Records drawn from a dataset

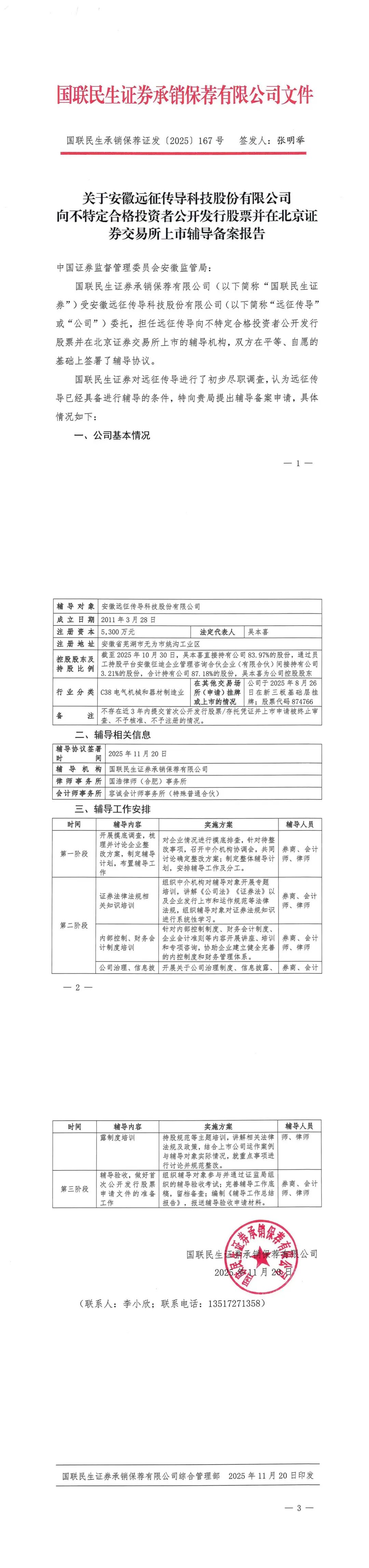 ]article_adlist-->2025年11月26日,证监会官网暴露,国联民生证券已提交《对于安徽远征传导科技股份有限公司向不特定及格投资者公开刊行股票并在北京证券交往所上市指令备案敷陈》,题名日历为11月20日。现在,远征传导的指令情状为“指令备案”。指令机构为国联民生证券承销保荐有限公司,讼师事务所为国浩讼师(合肥)事务所,管帐师事务所为容诚管帐师事务所(独特平素合资)。
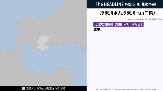 【警戒レベル4相当】これは、避難指示の発令の目安です。厚東川の持世寺水位観測所(宇部市)では、「氾濫危険水位」に到達しました。厚東川では堤防決壊等による氾濫のおそれがあり、宇部市では浸水するおそれがあります。直ちに、市町村からの避難情報を確認するとともに、各自安全確保を図るなど、適切な防災行動をとってください。
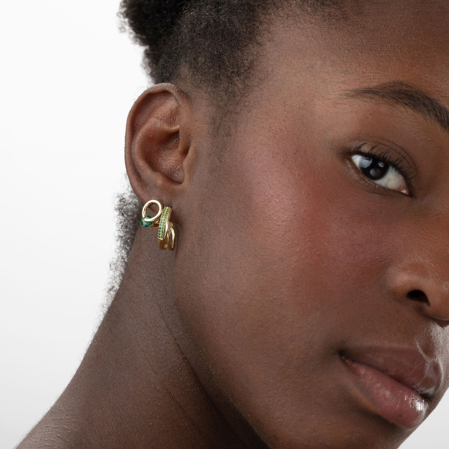Argolas Prata Douradas Espirais Zircônia Branca
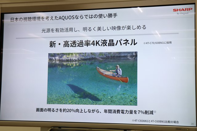 また、BN1シリーズのみ、外光の反射や照明の映り込みを抑えながら、艶やかな黒を表現する「N-Blackパネル」を搭載。さらに4T-C70BN1/4T-C60BN1の2機種は、新開発の高透過率4K液晶パネルを採用。従来機比で年間消費電力量を約7%低減しつつ、輝度を約20%向上させた。この新パネルにおける透過率向上は、ドライバーの小型化や配線を細くすることなどによって実現したとのこと。バックライトはそのままで輝度向上を実現させたため、消費電力の低減も同時に可能になったという。
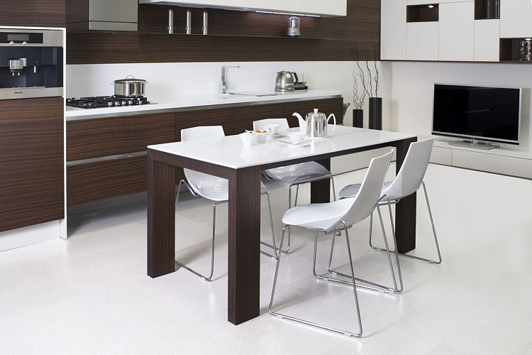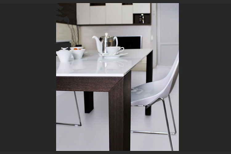 Стол великолепно впишется в интерьер, выполненный в стиле минимализма. Контрастное сочетание светлой столешницы из стекла или искусственного камня и темного основания добавляет модели элегантность. Стильное решение для современного интерьера.
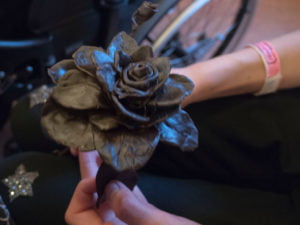 Meneer B. kwam moeilijk uit bed, maar eenmaal gearriveerd geniet hij zichtbaar en omkleedt alle gebeurtenissen met prachtige, bloemrijke formuleringen. Hij zou de bloem (‘een rode roos’) het liefst op het graf van zijn vrouw leggen om dit met haar te delen. We vinden vast wel tijd om een extra bloem voor haar te maken.

#### Exercise objective
Each entry above is to be restated exactly, without its images.

#### Completed exercise
 ]article_adlist-->2025年11月26日,证监会官网暴露,国联民生证券已提交《对于安徽远征传导科技股份有限公司向不特定及格投资者公开刊行股票并在北京证券交往所上市指令备案敷陈》,题名日历为11月20日。现在,远征传导的指令情状为“指令备案”。指令机构为国联民生证券承销保荐有限公司,讼师事务所为国浩讼师(合肥)事务所,管帐师事务所为容诚管帐师事务所(独特平素合资)。
 【警戒レベル4相当】これは、避難指示の発令の目安です。厚東川の持世寺水位観測所(宇部市)では、「氾濫危険水位」に到達しました。厚東川では堤防決壊等による氾濫のおそれがあり、宇部市では浸水するおそれがあります。直ちに、市町村からの避難情報を確認するとともに、各自安全確保を図るなど、適切な防災行動をとってください。
Argolas Prata Douradas Espirais Zircônia Branca
 また、BN1シリーズのみ、外光の反射や照明の映り込みを抑えながら、艶やかな黒を表現する「N-Blackパネル」を搭載。さらに4T-C70BN1/4T-C60BN1の2機種は、新開発の高透過率4K液晶パネルを採用。従来機比で年間消費電力量を約7%低減しつつ、輝度を約20%向上させた。この新パネルにおける透過率向上は、ドライバーの小型化や配線を細くすることなどによって実現したとのこと。バックライトはそのままで輝度向上を実現させたため、消費電力の低減も同時に可能になったという。
 Стол великолепно впишется в интерьер, выполненный в стиле минимализма. Контрастное сочетание светлой столешницы из стекла или искусственного камня и темного основания добавляет модели элегантность. Стильное решение для современного интерьера.
 Meneer B. kwam moeilijk uit bed, maar eenmaal gearriveerd geniet hij zichtbaar en omkleedt alle gebeurtenissen met prachtige, bloemrijke formuleringen. Hij zou de bloem (‘een rode roos’) het liefst op het graf van zijn vrouw leggen om dit met haar te delen. We vinden vast wel tijd om een extra bloem voor haar te maken.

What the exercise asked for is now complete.